# DATA FOR THIS TASK
BEGIN
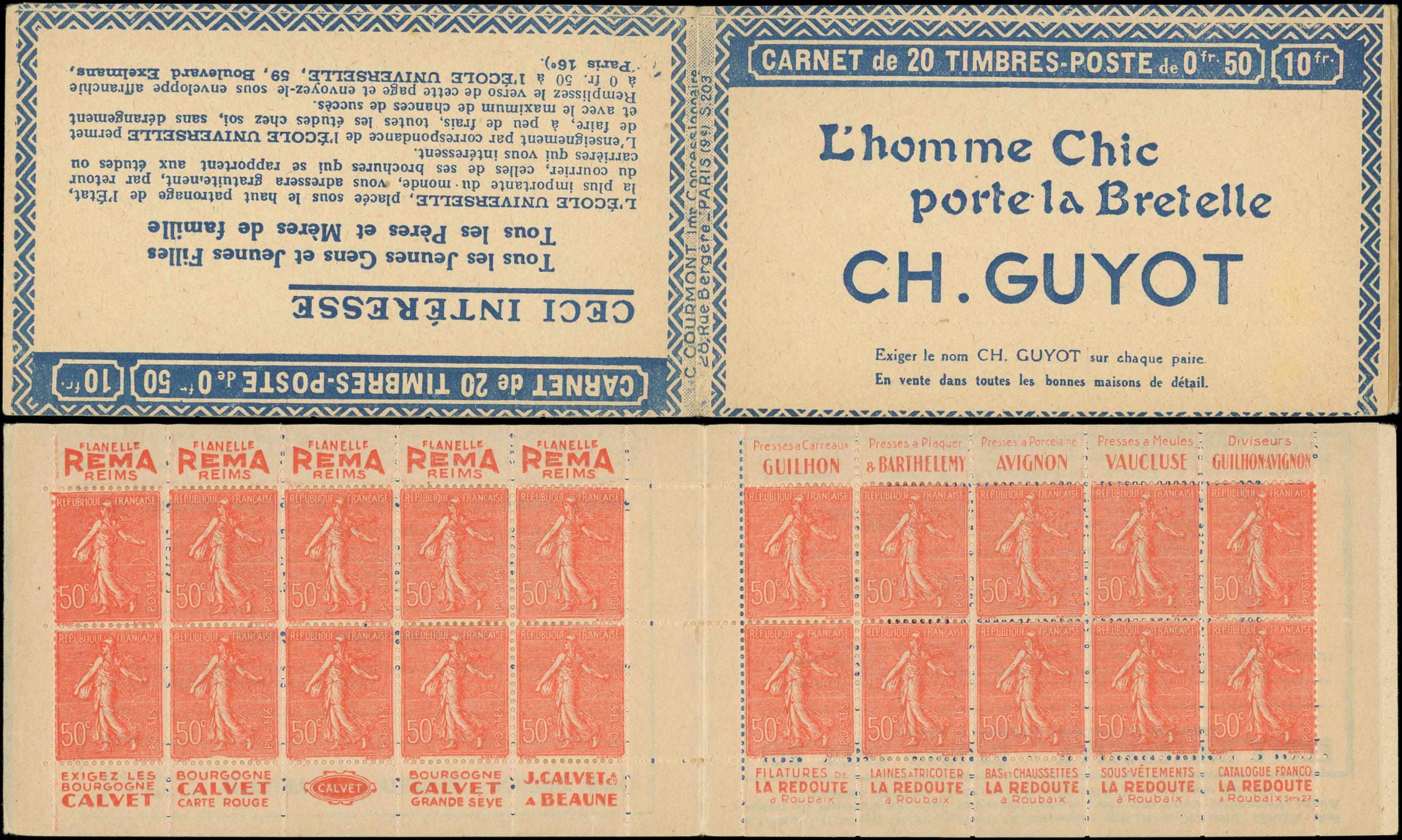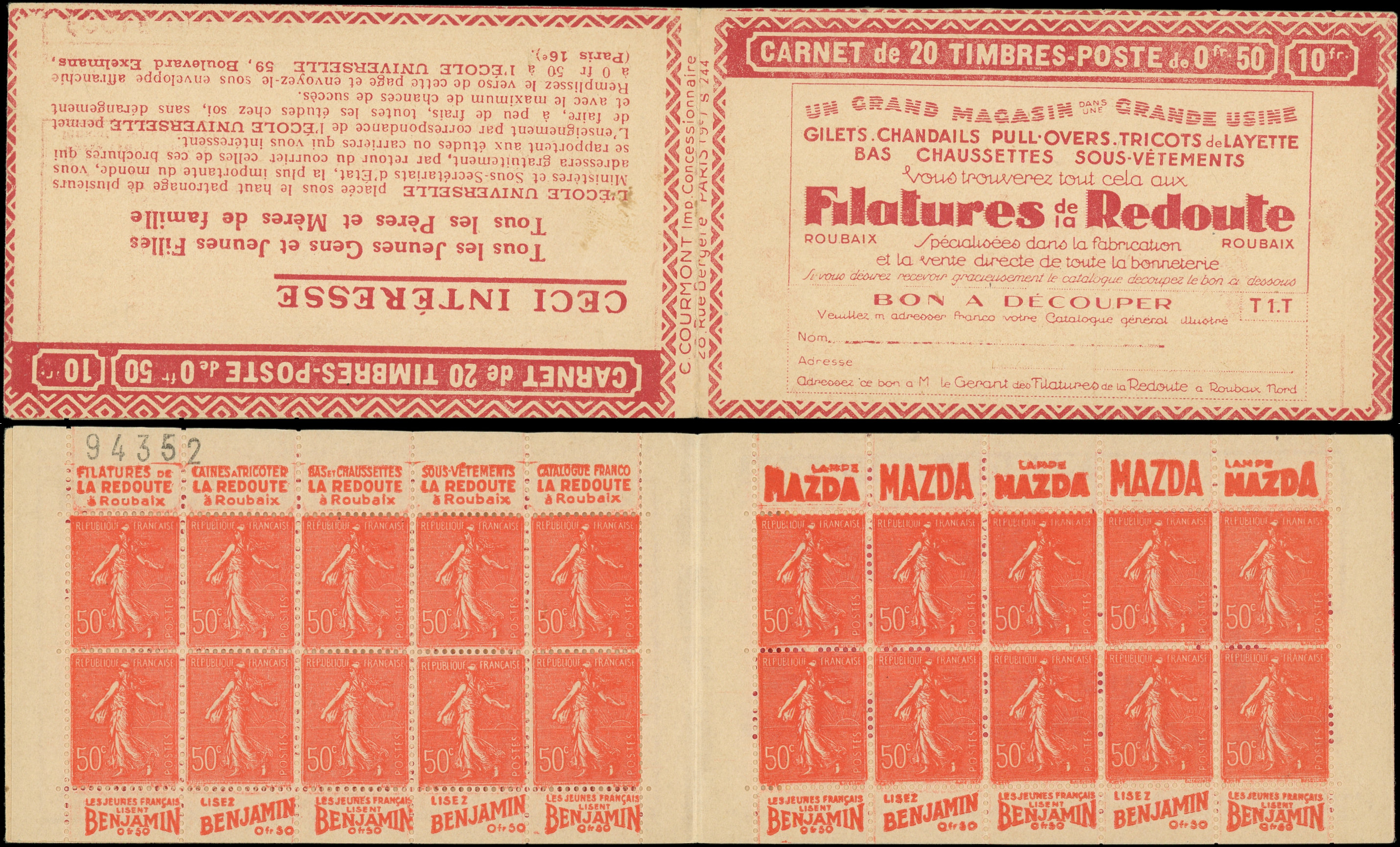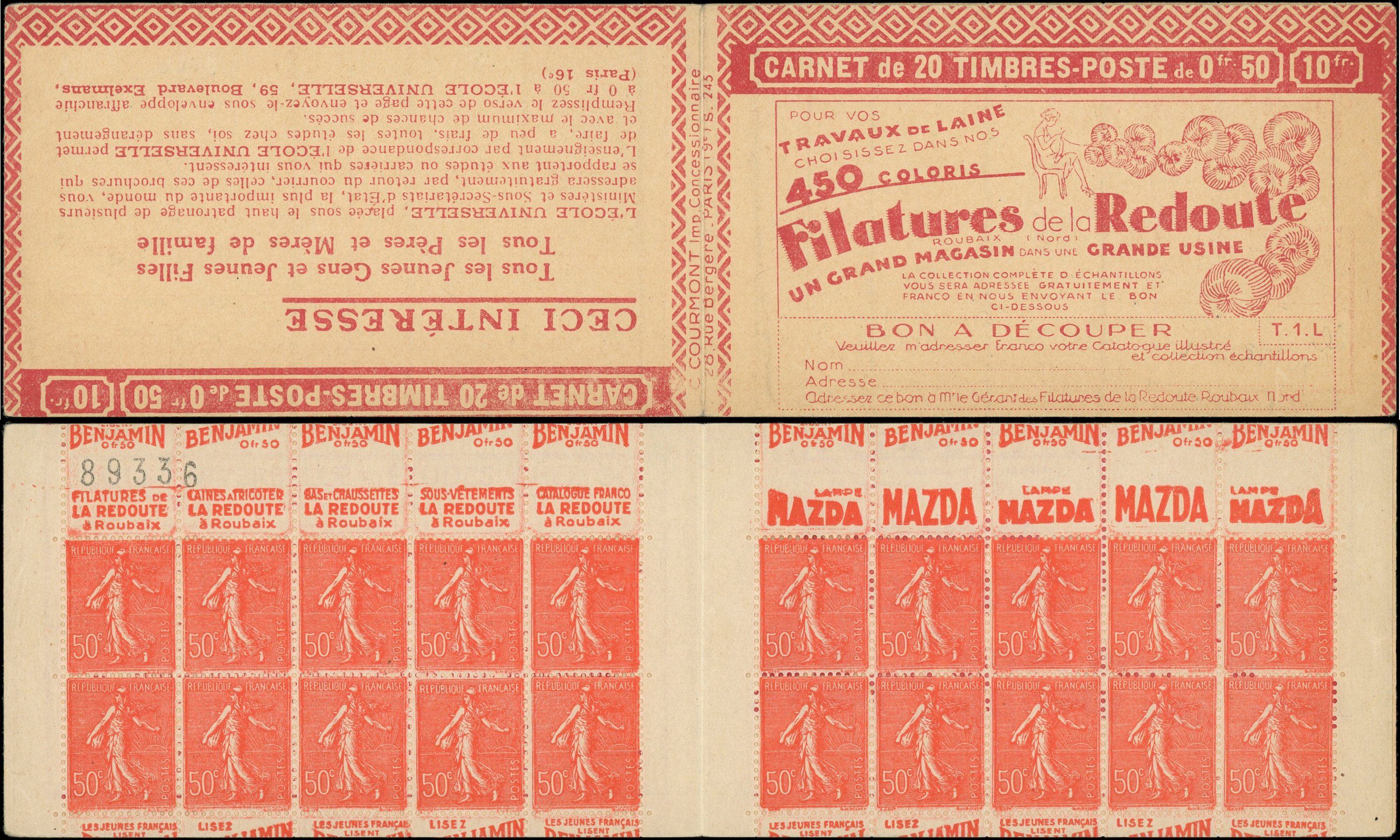 8941 199 image199-C60 Semeuse Lignée, 50c. rouge, n°199j, T IV, S. 245, LA REDOUTE, n°89336, DOUBLES PUBS en haut, RRR, TTB (Image)
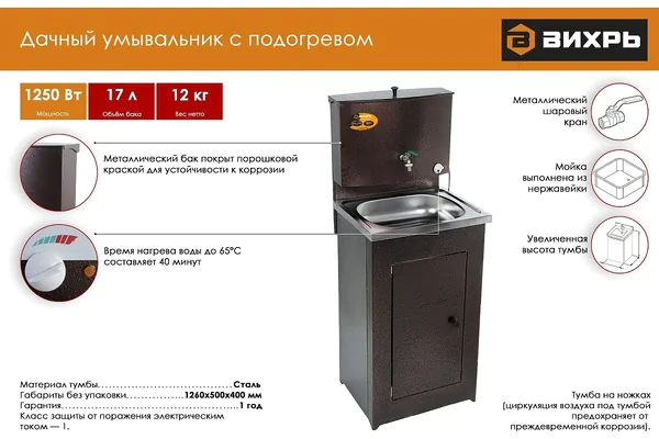 - • умывальник дачный Вихрь ЛЮКС, с подогревом, нержавеющая мойка, цвет медь 74/4/2.
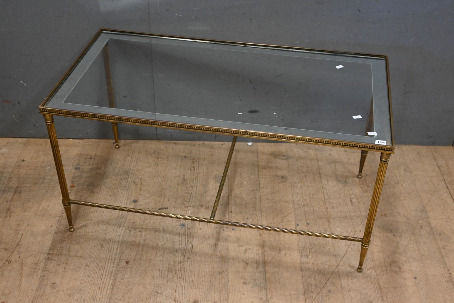 AN ITALIAN BRASS FRAMED GLASS TOPPED RECTANGULAR COFFEE TABLE (A/F) ( 47H X 91W X 48D CM) (LEONARD JOEL DELIVERY SIZE: LARGE)
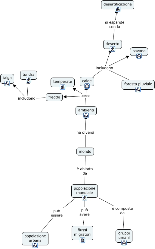 Questa Cmap, creata con IHMC CmapTools, contiene informazioni relative a: Mondo, ambienti aree fredde, fredde includono tundra, calde includono deserto, calde includono savana, fredde includono taiga, mondo ha diversi ambienti, mondo è abitato da popolazione mondiale, calde includono foresta pluviale, ambienti aree calde, deserto si espande con la desertificazione, ambienti aree temperate, popolazione mondiale può avere flussi migratori, popolazione mondiale è composta da gruppi umani, popolazione mondiale può essere popolazione urbana
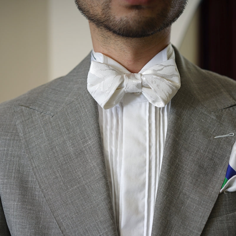 From the most traditional bow tie shape to the prototype, it is re-created and defined by the innovative method of hand-folding and shaping again. The designer has created three shapes in this series: figure eight, figure one, and letter A. The bow tie has a three-dimensional shape, and the three echo each other but are different. Each bow tie has a unique silhouette. Through the change of fabric pattern, it can be classical and elegant, humorous and interesting, or strong and public.
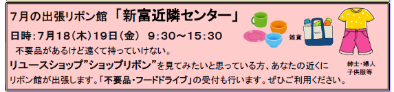 出張リボン館を開催します#リユース品の販売や#不要品寄付&#フードドライブの受付を行います。普段リボン館に来られない方チャンスです!ぜひお越しください
END
# ASSIGNMENT
Would you copy, word for word, only the lines above from the one containing "- • умывальник" through the one containing "Questa Cmap, creata", both included, and please leave out the pictures?

# SOLUTION TO THIS PROBLEM
 - • умывальник дачный Вихрь ЛЮКС, с подогревом, нержавеющая мойка, цвет медь 74/4/2.
 AN ITALIAN BRASS FRAMED GLASS TOPPED RECTANGULAR COFFEE TABLE (A/F) ( 47H X 91W X 48D CM) (LEONARD JOEL DELIVERY SIZE: LARGE)
 Questa Cmap, creata con IHMC CmapTools, contiene informazioni relative a: Mondo, ambienti aree fredde, fredde includono tundra, calde includono deserto, calde includono savana, fredde includono taiga, mondo ha diversi ambienti, mondo è abitato da popolazione mondiale, calde includono foresta pluviale, ambienti aree calde, deserto si espande con la desertificazione, ambienti aree temperate, popolazione mondiale può avere flussi migratori, popolazione mondiale è composta da gruppi umani, popolazione mondiale può essere popolazione urbana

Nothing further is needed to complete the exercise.